About this exercise
Scan the records beneath this line for the line holding "為測試所制作的雙DC /DC 并聯(lián)供電系統(tǒng)的性能,采用3" and the line holding "I’m trying to", then transcribe exactly those two and all lines between.
[Source information]
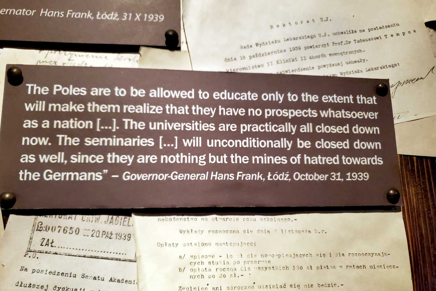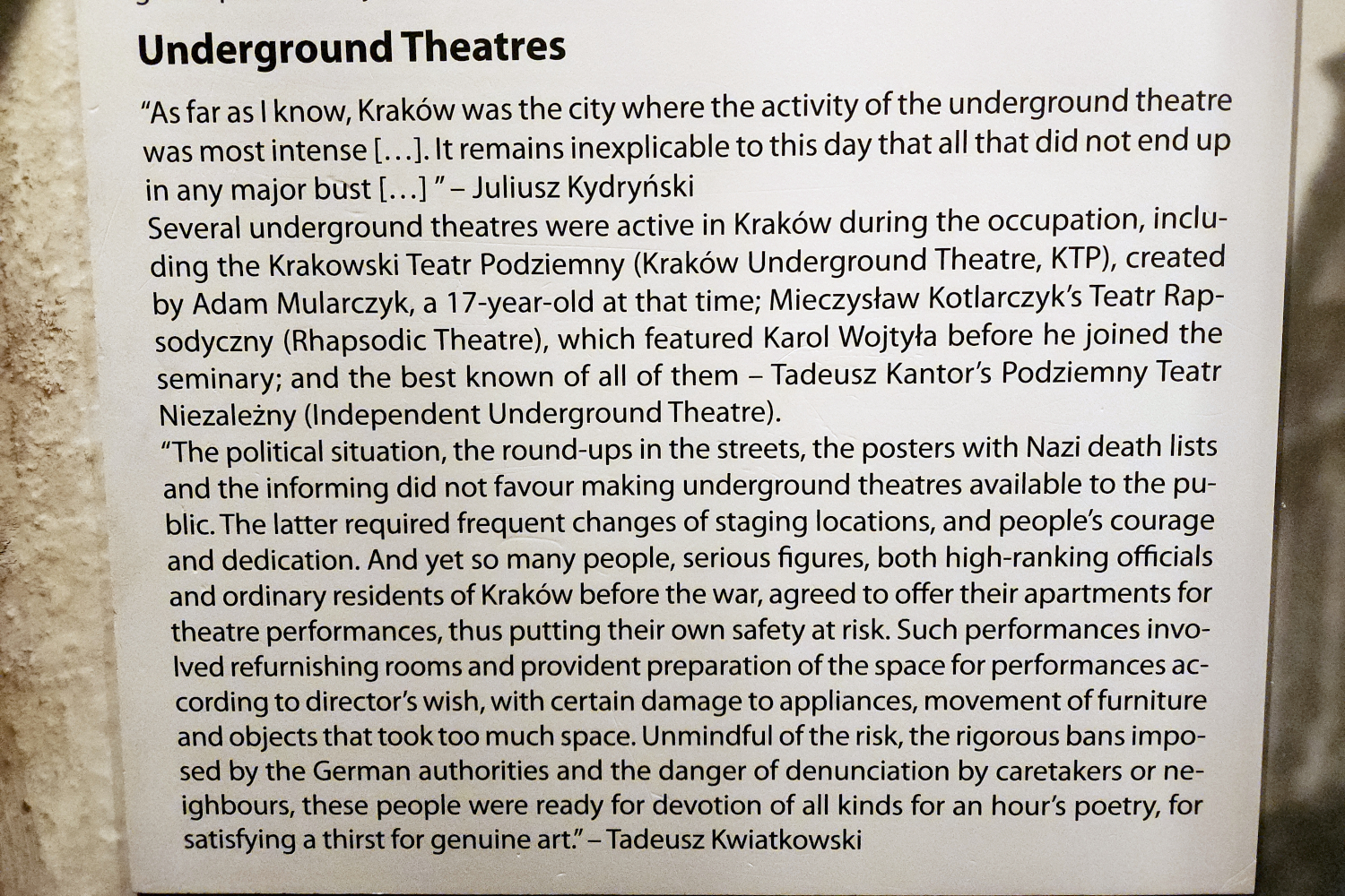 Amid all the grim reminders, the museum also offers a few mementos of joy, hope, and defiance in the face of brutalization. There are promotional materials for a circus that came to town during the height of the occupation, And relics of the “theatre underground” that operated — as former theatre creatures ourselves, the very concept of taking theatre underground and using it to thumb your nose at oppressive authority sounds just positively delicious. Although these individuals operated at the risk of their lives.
[/Source information]
[Source information]
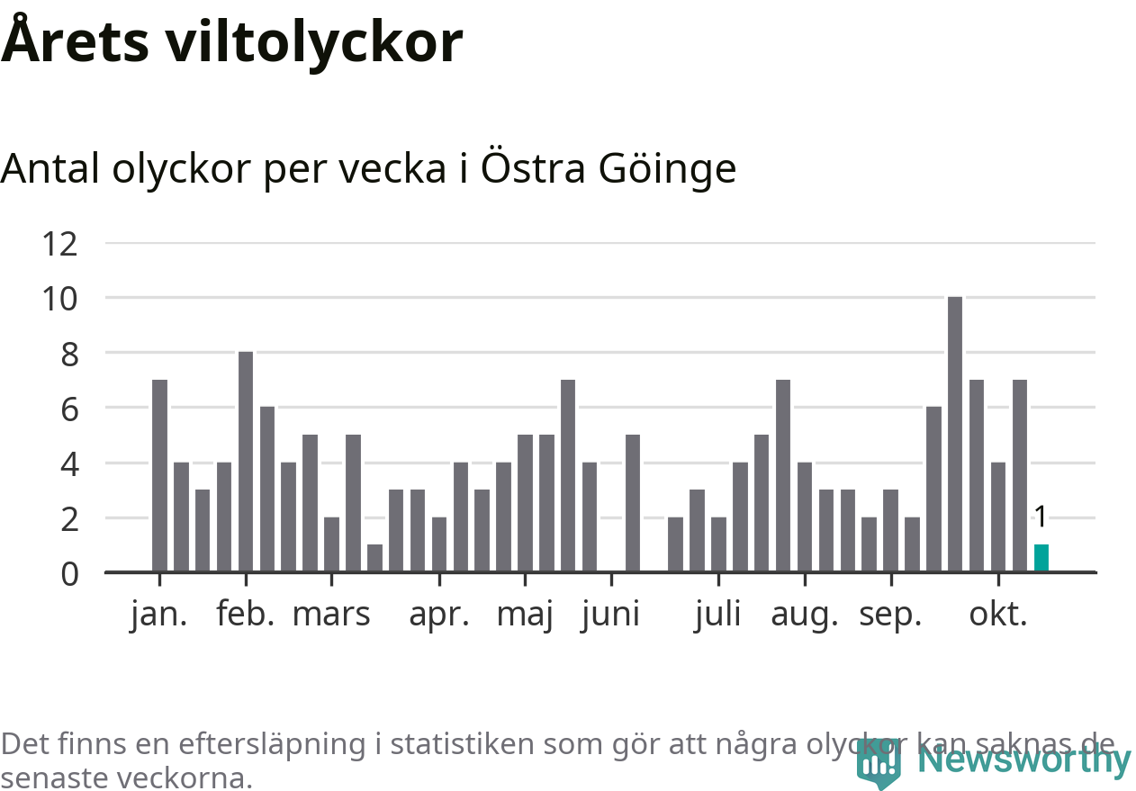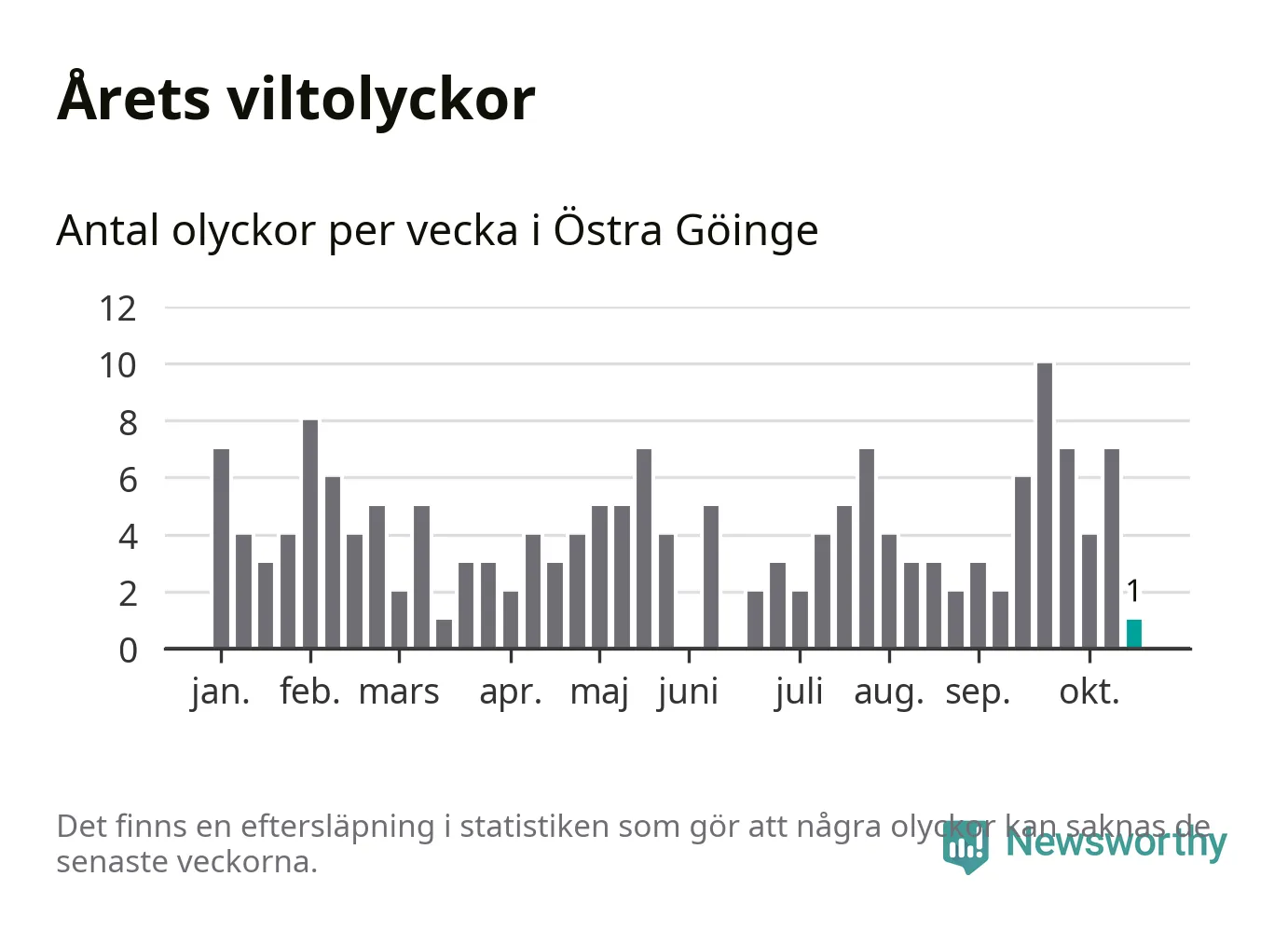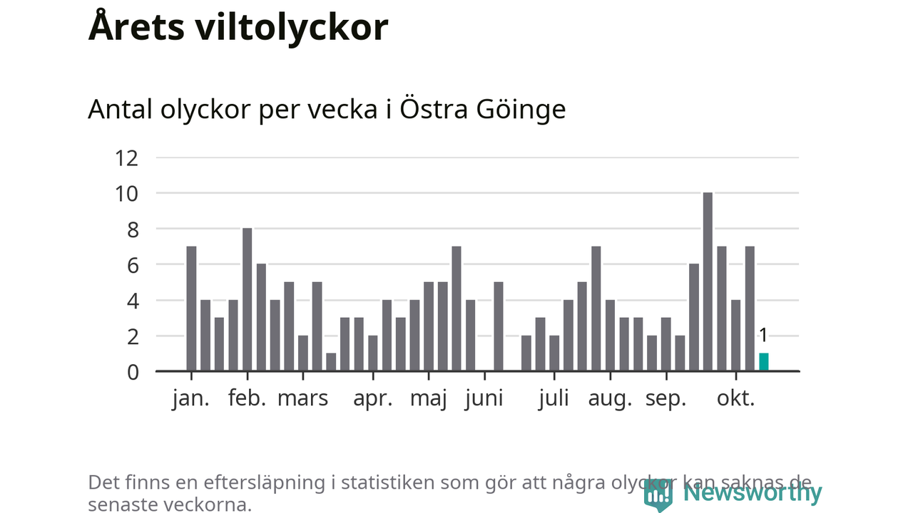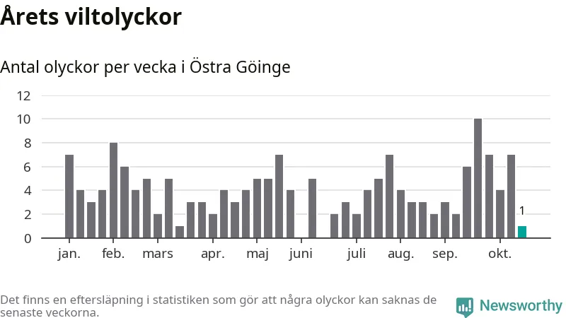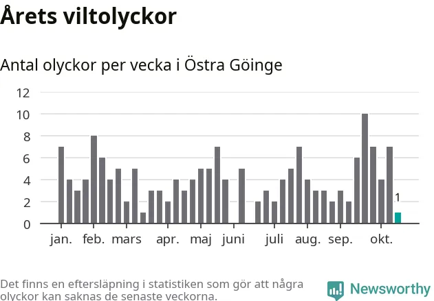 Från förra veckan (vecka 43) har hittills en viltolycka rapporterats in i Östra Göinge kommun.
[/Source information]
[Source information]
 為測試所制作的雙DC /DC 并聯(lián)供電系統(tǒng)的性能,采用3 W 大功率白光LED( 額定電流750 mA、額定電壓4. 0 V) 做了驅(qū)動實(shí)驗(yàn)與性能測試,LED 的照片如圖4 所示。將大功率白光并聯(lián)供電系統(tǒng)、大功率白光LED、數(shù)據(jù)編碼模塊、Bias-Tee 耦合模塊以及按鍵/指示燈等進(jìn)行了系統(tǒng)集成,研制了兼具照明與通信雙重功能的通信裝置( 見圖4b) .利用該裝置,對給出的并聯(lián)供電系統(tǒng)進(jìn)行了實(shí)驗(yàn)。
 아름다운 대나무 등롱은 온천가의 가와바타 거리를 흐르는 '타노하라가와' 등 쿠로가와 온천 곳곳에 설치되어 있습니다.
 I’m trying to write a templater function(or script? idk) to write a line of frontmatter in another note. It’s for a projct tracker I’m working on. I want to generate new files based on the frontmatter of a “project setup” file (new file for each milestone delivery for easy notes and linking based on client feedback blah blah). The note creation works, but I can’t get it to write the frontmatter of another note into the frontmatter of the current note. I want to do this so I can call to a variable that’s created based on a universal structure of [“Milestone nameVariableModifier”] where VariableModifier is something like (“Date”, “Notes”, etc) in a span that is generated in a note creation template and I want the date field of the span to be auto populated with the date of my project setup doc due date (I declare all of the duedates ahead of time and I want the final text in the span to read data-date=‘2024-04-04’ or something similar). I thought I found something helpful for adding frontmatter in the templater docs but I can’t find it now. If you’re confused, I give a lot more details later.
[/Source information]
Answer for this exercise
 為測試所制作的雙DC /DC 并聯(lián)供電系統(tǒng)的性能,采用3 W 大功率白光LED( 額定電流750 mA、額定電壓4. 0 V) 做了驅(qū)動實(shí)驗(yàn)與性能測試,LED 的照片如圖4 所示。將大功率白光并聯(lián)供電系統(tǒng)、大功率白光LED、數(shù)據(jù)編碼模塊、Bias-Tee 耦合模塊以及按鍵/指示燈等進(jìn)行了系統(tǒng)集成,研制了兼具照明與通信雙重功能的通信裝置( 見圖4b) .利用該裝置,對給出的并聯(lián)供電系統(tǒng)進(jìn)行了實(shí)驗(yàn)。
 아름다운 대나무 등롱은 온천가의 가와바타 거리를 흐르는 '타노하라가와' 등 쿠로가와 온천 곳곳에 설치되어 있습니다.
 I’m trying to write a templater function(or script? idk) to write a line of frontmatter in another note. It’s for a projct tracker I’m working on. I want to generate new files based on the frontmatter of a “project setup” file (new file for each milestone delivery for easy notes and linking based on client feedback blah blah). The note creation works, but I can’t get it to write the frontmatter of another note into the frontmatter of the current note. I want to do this so I can call to a variable that’s created based on a universal structure of [“Milestone nameVariableModifier”] where VariableModifier is something like (“Date”, “Notes”, etc) in a span that is generated in a note creation template and I want the date field of the span to be auto populated with the date of my project setup doc due date (I declare all of the duedates ahead of time and I want the final text in the span to read data-date=‘2024-04-04’ or something similar). I thought I found something helpful for adding frontmatter in the templater docs but I can’t find it now. If you’re confused, I give a lot more details later.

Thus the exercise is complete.